- [Required work]: Once you find the line with "Stupell Blue Birds" in the listing below, set down exactly every line from it through the line with "Площадь мансардного этажа", but no pictures.

- [Supplied data]:
*** Begin section ***

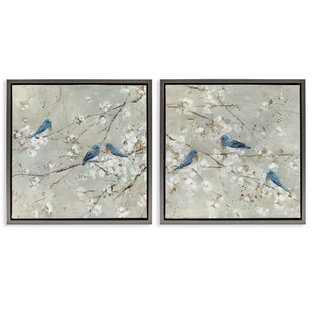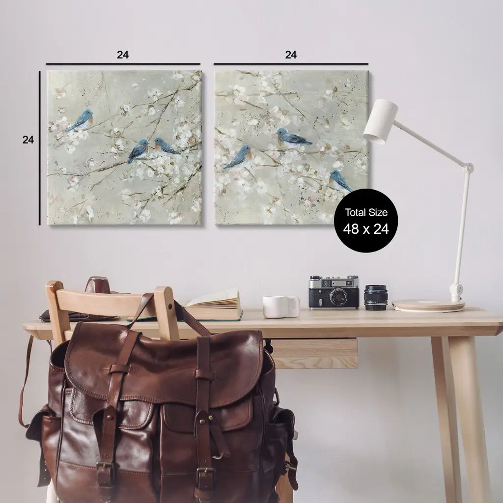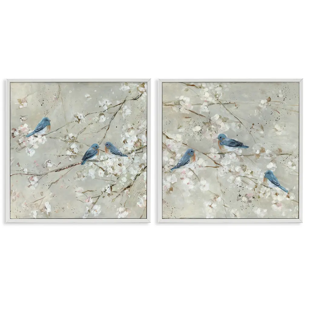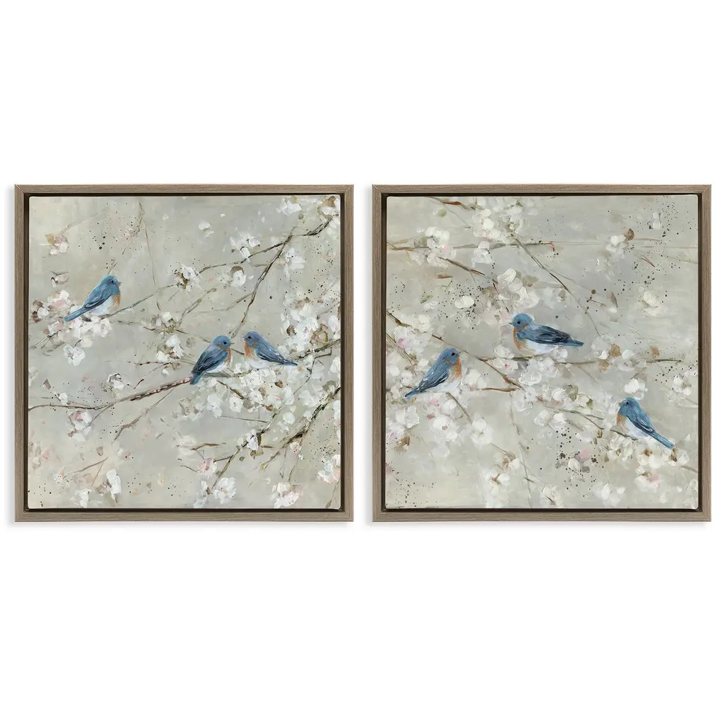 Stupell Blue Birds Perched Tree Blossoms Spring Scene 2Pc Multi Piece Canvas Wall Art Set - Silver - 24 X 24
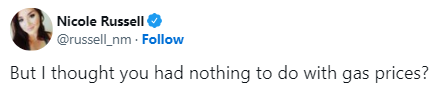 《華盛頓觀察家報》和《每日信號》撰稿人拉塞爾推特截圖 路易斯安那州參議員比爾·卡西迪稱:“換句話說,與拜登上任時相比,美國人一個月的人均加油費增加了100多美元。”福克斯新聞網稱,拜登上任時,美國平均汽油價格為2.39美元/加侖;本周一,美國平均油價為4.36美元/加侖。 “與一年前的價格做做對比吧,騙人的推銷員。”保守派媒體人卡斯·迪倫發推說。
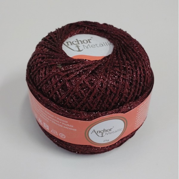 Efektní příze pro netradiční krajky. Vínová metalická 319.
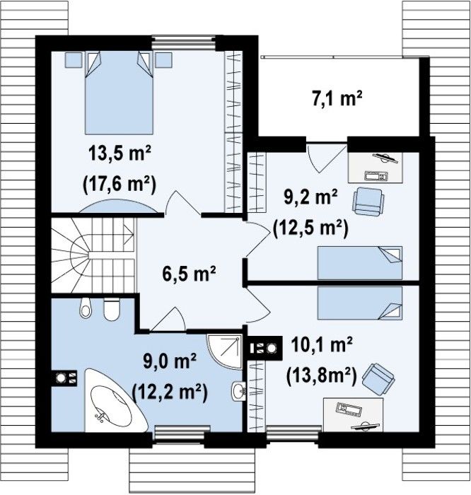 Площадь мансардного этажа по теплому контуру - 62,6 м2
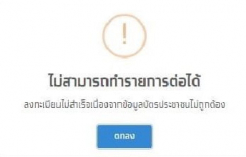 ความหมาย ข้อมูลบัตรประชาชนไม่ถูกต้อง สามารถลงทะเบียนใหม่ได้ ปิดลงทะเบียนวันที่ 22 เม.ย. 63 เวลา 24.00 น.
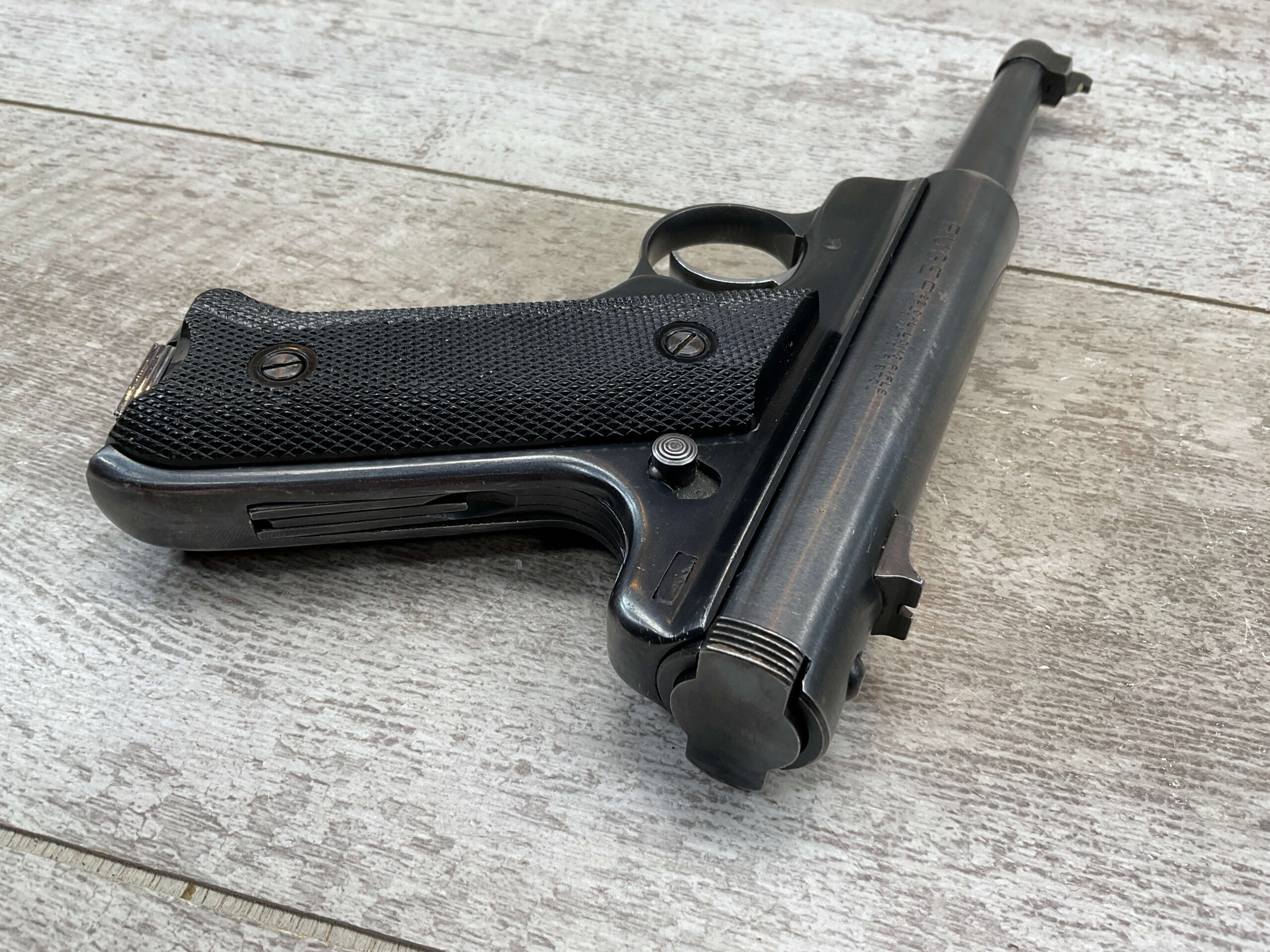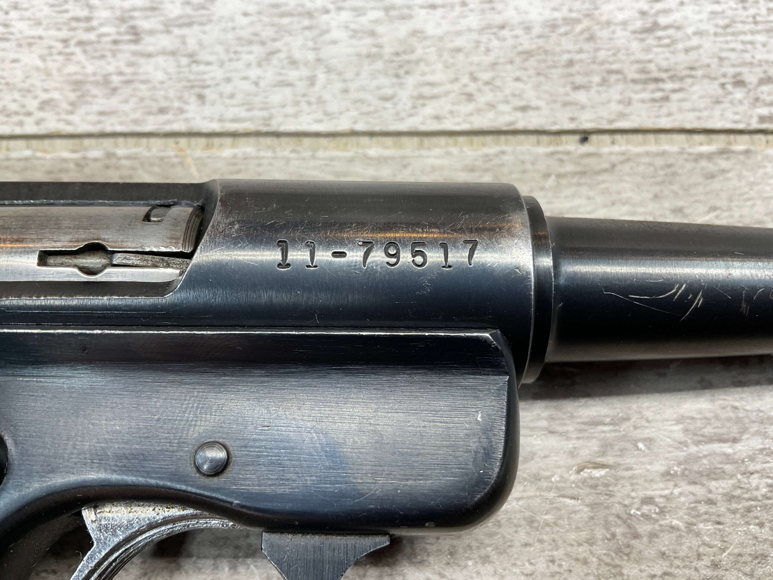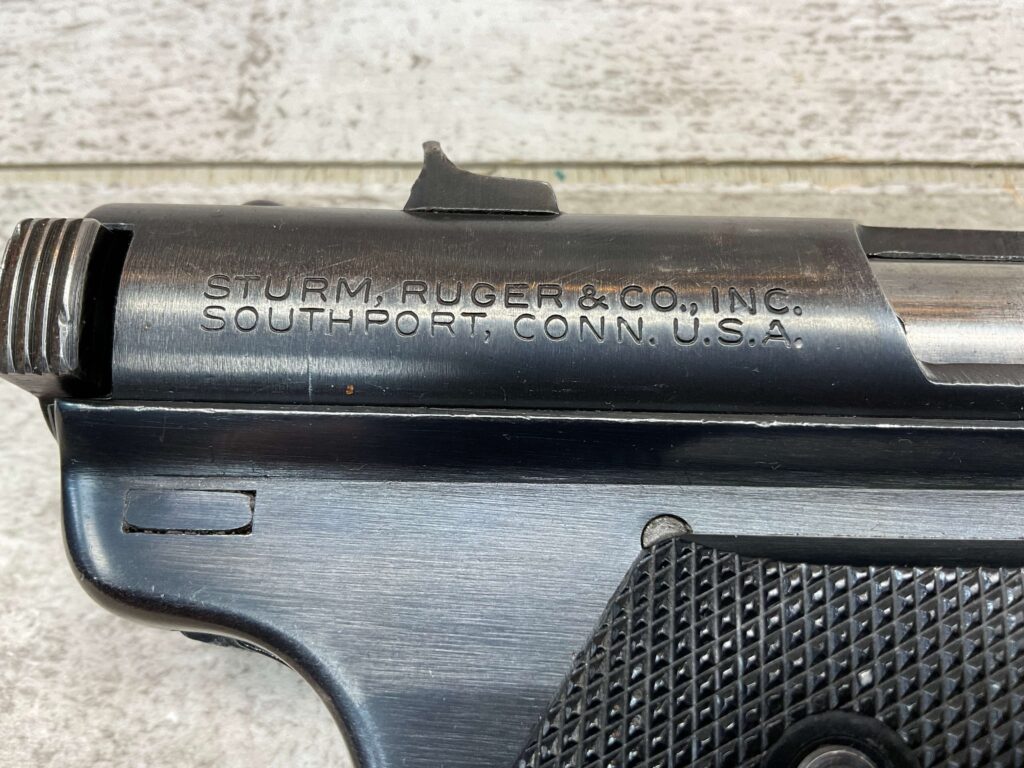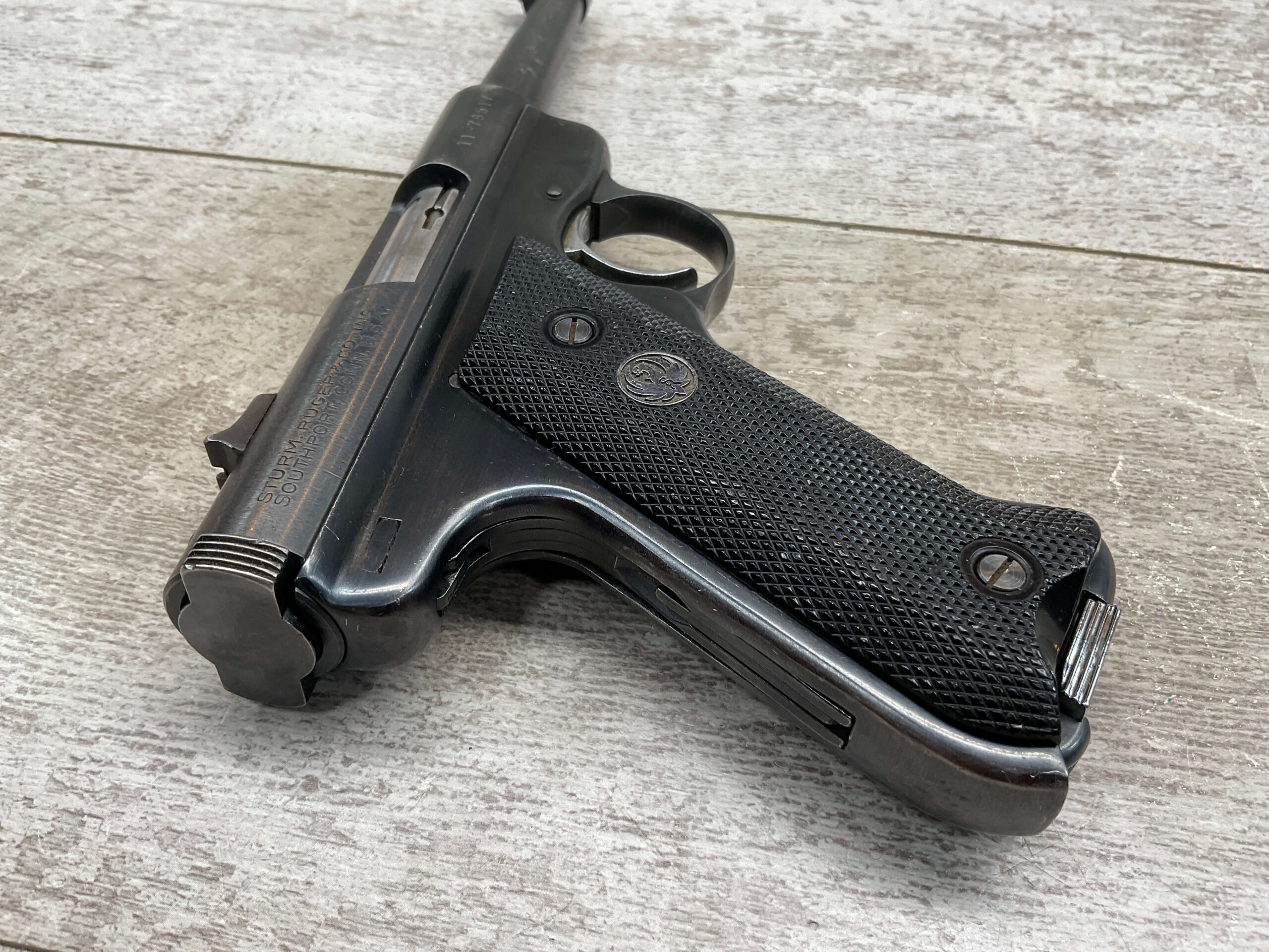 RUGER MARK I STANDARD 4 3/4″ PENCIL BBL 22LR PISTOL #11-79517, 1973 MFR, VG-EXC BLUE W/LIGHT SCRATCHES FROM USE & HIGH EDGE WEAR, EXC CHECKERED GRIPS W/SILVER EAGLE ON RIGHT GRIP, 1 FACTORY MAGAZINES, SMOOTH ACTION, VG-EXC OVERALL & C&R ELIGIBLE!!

*** End section ***
*** Begin section ***

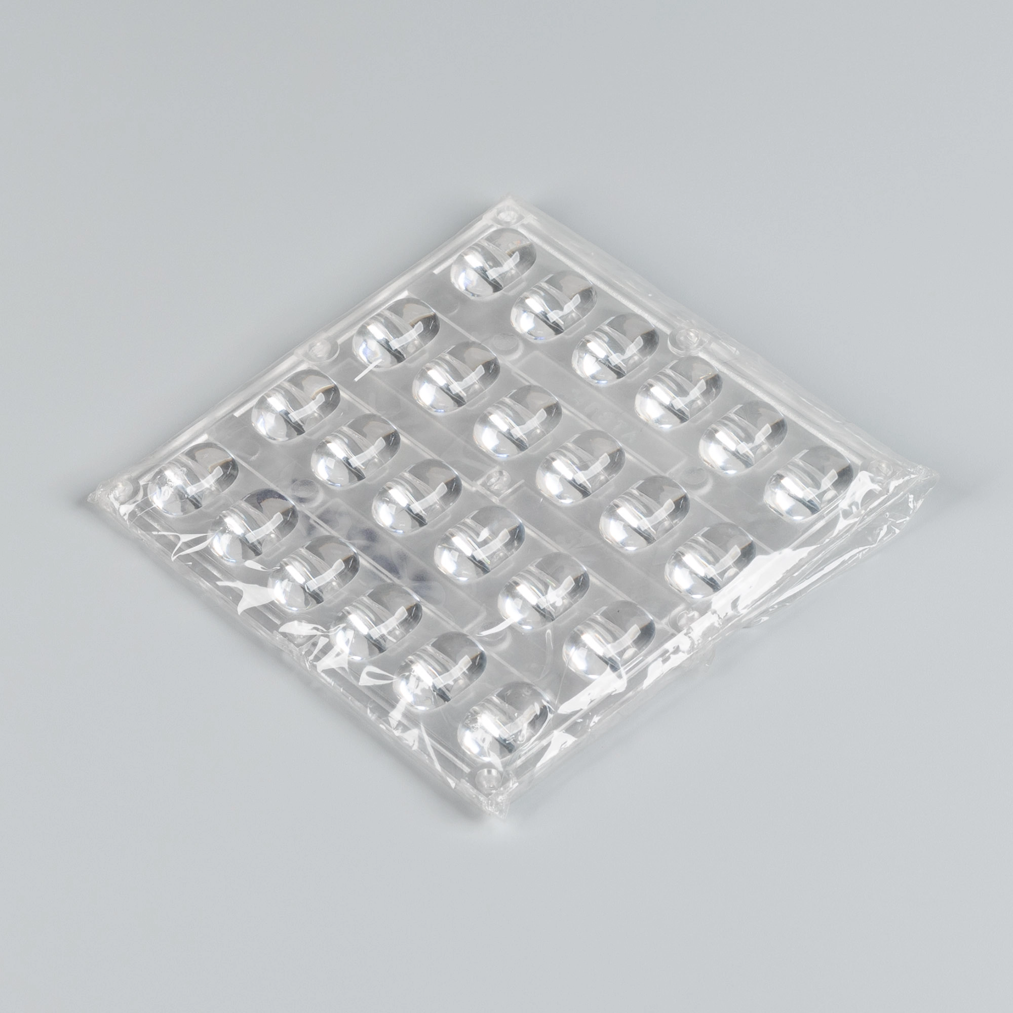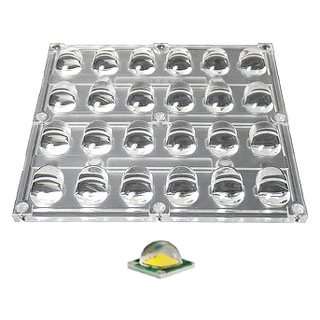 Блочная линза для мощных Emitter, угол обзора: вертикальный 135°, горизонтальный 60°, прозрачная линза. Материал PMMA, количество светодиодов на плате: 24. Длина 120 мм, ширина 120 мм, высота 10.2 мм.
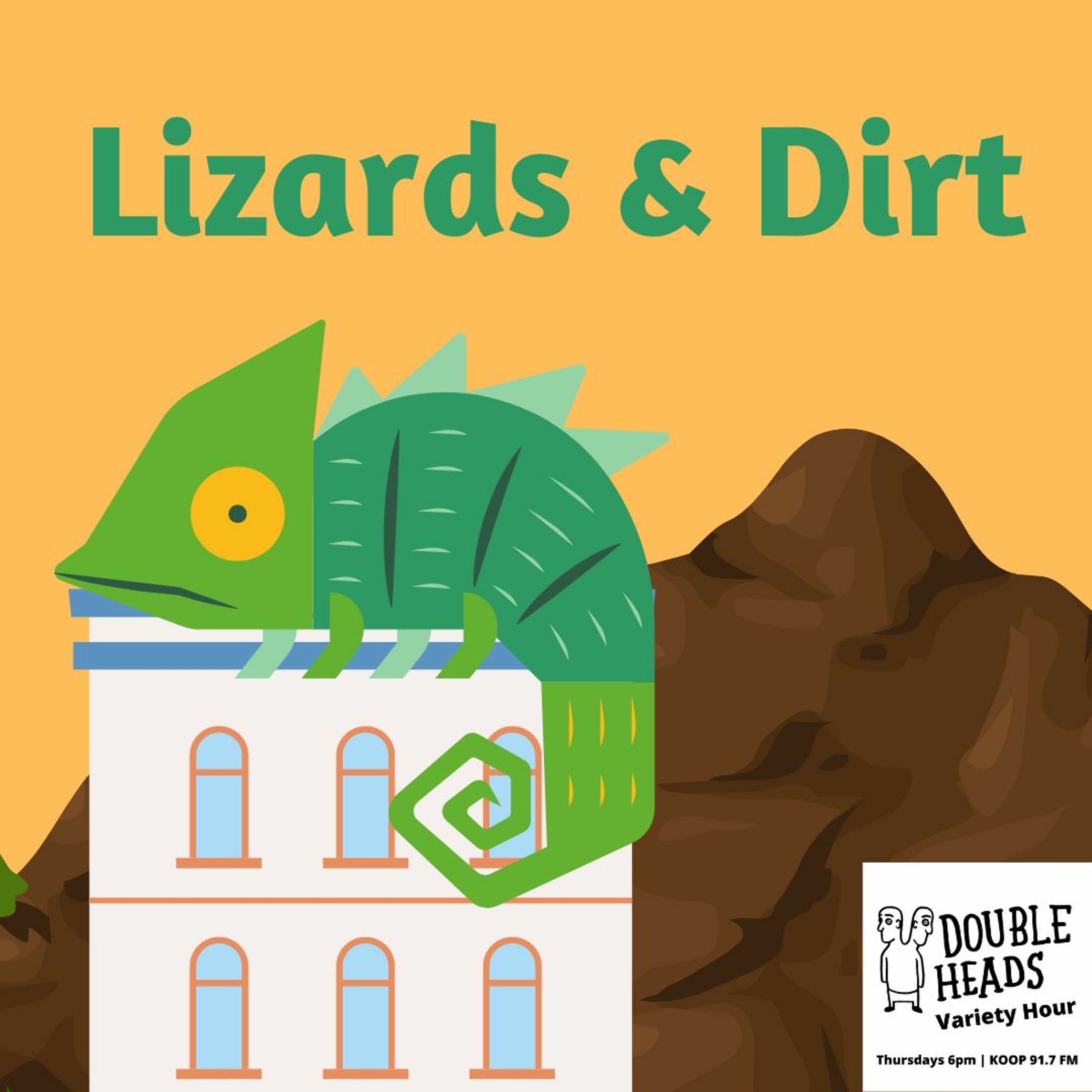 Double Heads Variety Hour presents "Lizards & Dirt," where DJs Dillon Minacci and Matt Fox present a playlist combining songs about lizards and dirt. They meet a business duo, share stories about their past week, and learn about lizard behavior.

*** End section ***

- [Written answer]:
 Stupell Blue Birds Perched Tree Blossoms Spring Scene 2Pc Multi Piece Canvas Wall Art Set - Silver - 24 X 24
 《華盛頓觀察家報》和《每日信號》撰稿人拉塞爾推特截圖 路易斯安那州參議員比爾·卡西迪稱:“換句話說,與拜登上任時相比,美國人一個月的人均加油費增加了100多美元。”福克斯新聞網稱,拜登上任時,美國平均汽油價格為2.39美元/加侖;本周一,美國平均油價為4.36美元/加侖。 “與一年前的價格做做對比吧,騙人的推銷員。”保守派媒體人卡斯·迪倫發推說。
 Efektní příze pro netradiční krajky. Vínová metalická 319.
 Площадь мансардного этажа по теплому контуру - 62,6 м2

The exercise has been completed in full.